901 Психологическое лечение, взятое в самом широком смысле, направлено на поиск ценностей, удовлетворяющих психические потребности современного человека и мешающих ему пасть жертвой разрушительного влияния массовой психологии. Такие слова, как «должен» и «обязан», – бесполезные средства, давно утратившие силу. Чтобы найти правильный инструмент, необходимо познать настоящего, цельного человека, а это невозможно без учета всех перечисленных областей знаний, которые непосредственно влияют на индивидуума и его образ жизни.
902 Очерки, собранные в данном издании, отражают усилия автора, предпринятые в этом отношении. Это наглядные примеры стремления комплексной психологии заполнить пробел, созданный вторжением естественных наук в высшее образование человека.
XIX. О значении швейцарской линии в европейском спектре[566]
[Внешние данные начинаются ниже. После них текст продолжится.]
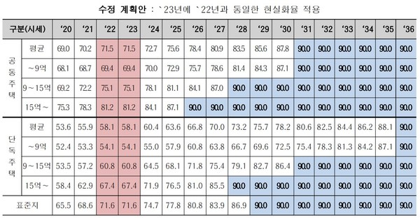 이에따라 내년 공동주택의 평균 현실화율은 71.5%. 가격 구간별로 △9억 원 미만 69.4% △9억~15억 원 미만 75.1% 15억 원 이상 81.2%다. 단독주택의 평균 현실화율은 58.1%로 △9억 원 미만 54.1% △9억~15억 원 미만 60.8% △15억 원 이상 67.4%다. 표준지는 71.6%의 현실화율이 적용된다.

903 Граф Кайзерлинг[567] – явление, о котором нужно судить с крайней осторожностью. Ни в коем случае нельзя считать суждение окончательным, ибо это явление слишком сложное. Нет смысла подчеркивать его темные стороны, поскольку они, что называется, бросаются в глаза. Более того, от Кайзерлинга исходит столько света, что поневоле возникает вопрос, не являются ли эти тени неотъемлемой частью явления – не просто физическим спутником, так сказать, но необходимым условием его своеобразной интуитивной способности? Свет, как известно, предполагает тьму. Тьма способствует видению, неясность требует прояснения, разнообразие ведет к единству, а разногласия – к гармонии.
904 Легко высмеивать Кайзерлинга как аристократа, взирающего на мир через монокль. Но нельзя воспринимать его сочинение как шутку, хотя сам он страдает от заблуждения, что его книга написана с чувством юмора. Я не нахожу его книгу юмористической; его стиль едок, а за словами частенько слышится щелканье кнута. Вместо того, чтобы вызывать искренний смех, книга заставляет задуматься. То, что Кайзерлинг называет юмором, – это легкая, шутливая, иногда блестящая манера изложения, холодная на ощупь и лишенная сердечности, зато склонная к бесцеремонному остроумию; коротко говоря, перед нами притворный юмор. Это своего рода прикрытие, один из многих способов окрылить интуицию и заставить ту парить высоко над бушующей тьмой, простительная попытка облегчить задачу, которая, несомненно, крайне затруднительна. Вдумчивый читатель не поймет этого мнимого шутника неправильно, он сразу догадается, что книга – это сам Кайзерлинг, который смотрит на землю и особенно на Европу из далекого далека.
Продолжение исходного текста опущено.